Czasem czuję się jak żebrak.

Przy okazji dyskusji o losach materiałów niezbędnych do pracy, padły inne słowa: "To placówka powinna zapłacić za wycieczkę" Ona nam się przecież należy. Wycieczka powinna być za darmo.

Wywołało to burzę wśród nas opiekunów. Dostają 500+, zasiłki, etc. o wizytach w MOPS/GOPS itp. wiemy wszystko, co zrobić, jak napisać pismo itp. - a na wycieczkę za 85zł raz w roku - rodzicieli nie stać.
Normalnie zezłościłem się, ale ja to ja.
Inna koleżanka ma podsumowała to trafnie: Skoro dostajecie 500+ za darmo, to wystarczy te 85 zł przynieść do placówki i wpłacić na wycieczkę. Wówczas będzie ona zupełnie za darmo.

Im się wszystko należy.
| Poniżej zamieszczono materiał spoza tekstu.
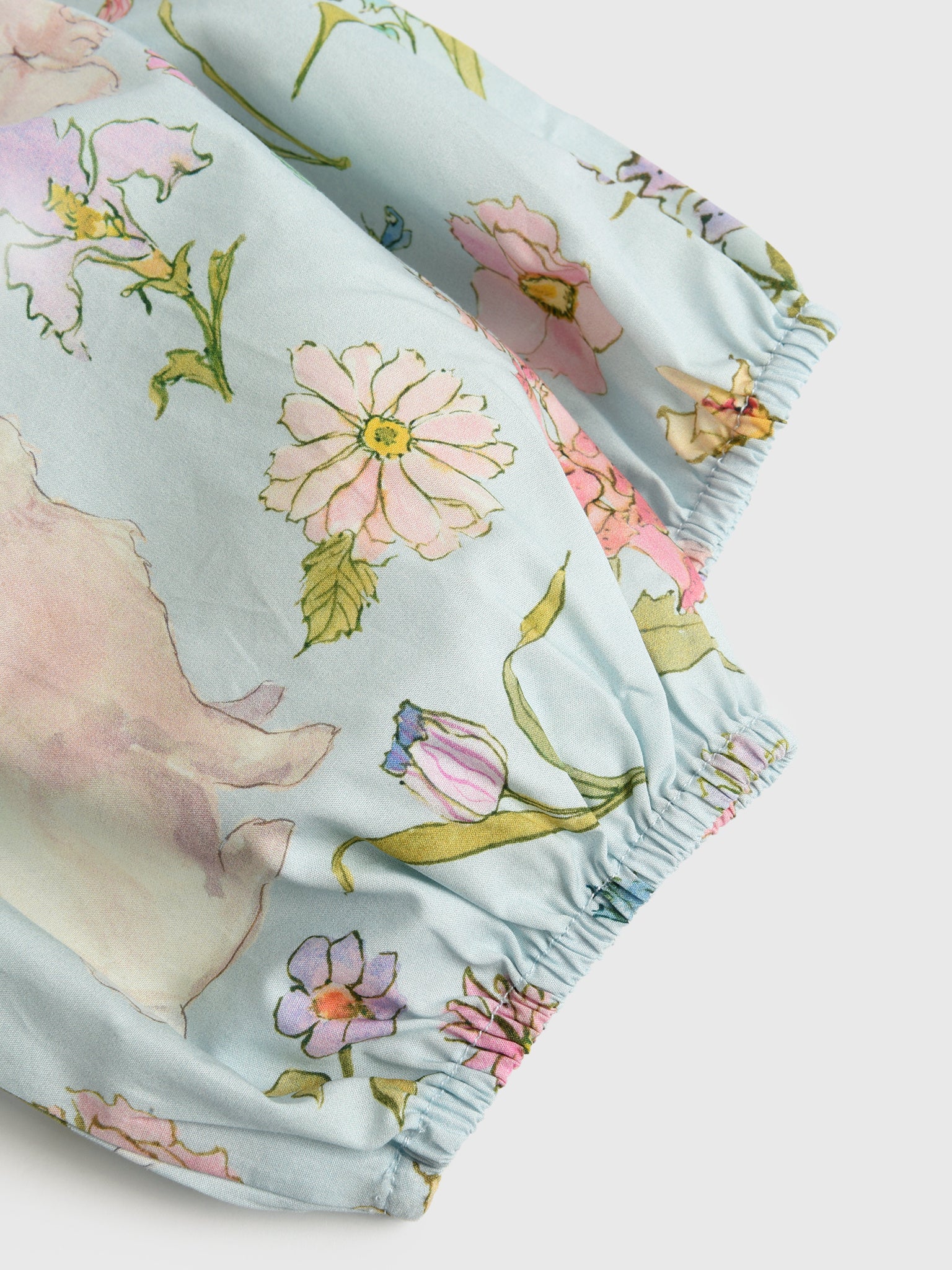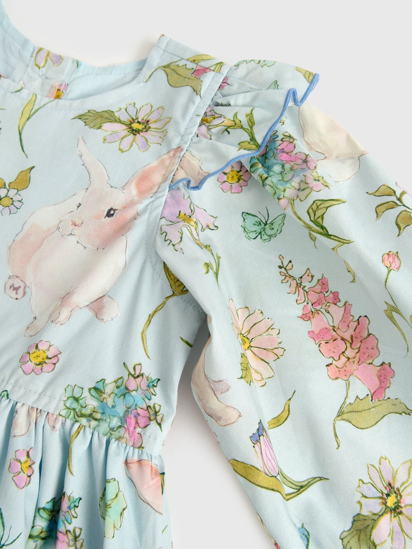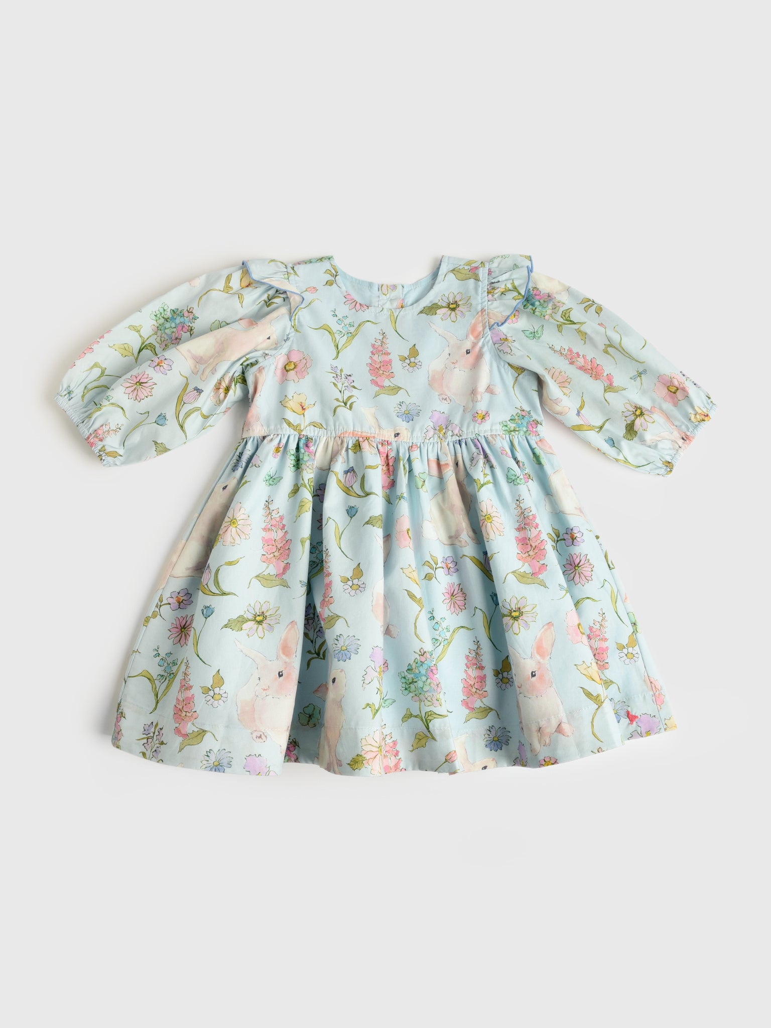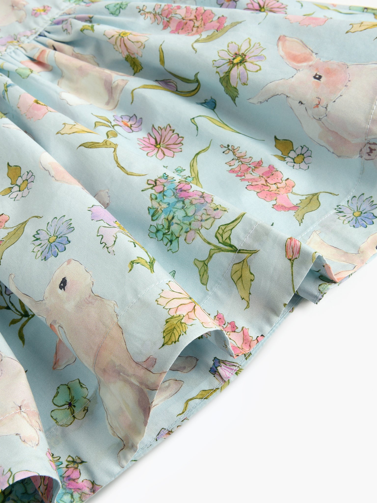 A lightweight dress made from crisp cotton poplin featuring a custom watercolor bunny print.

Nie można stawiać im warunków, nie można od nich wymagać, bo wszystko muszą dostać od tak, z marszu za free na "piękne" oczy.

Co za pokolenie? Co za brak wychowania? Co za bezczelność?
Pyskate, niekulturalne, bezczelne smarkacze.
Takie pokolenie rośnie, takie pokolenie potem idzie głosować - no i mamy rząd jaki mamy.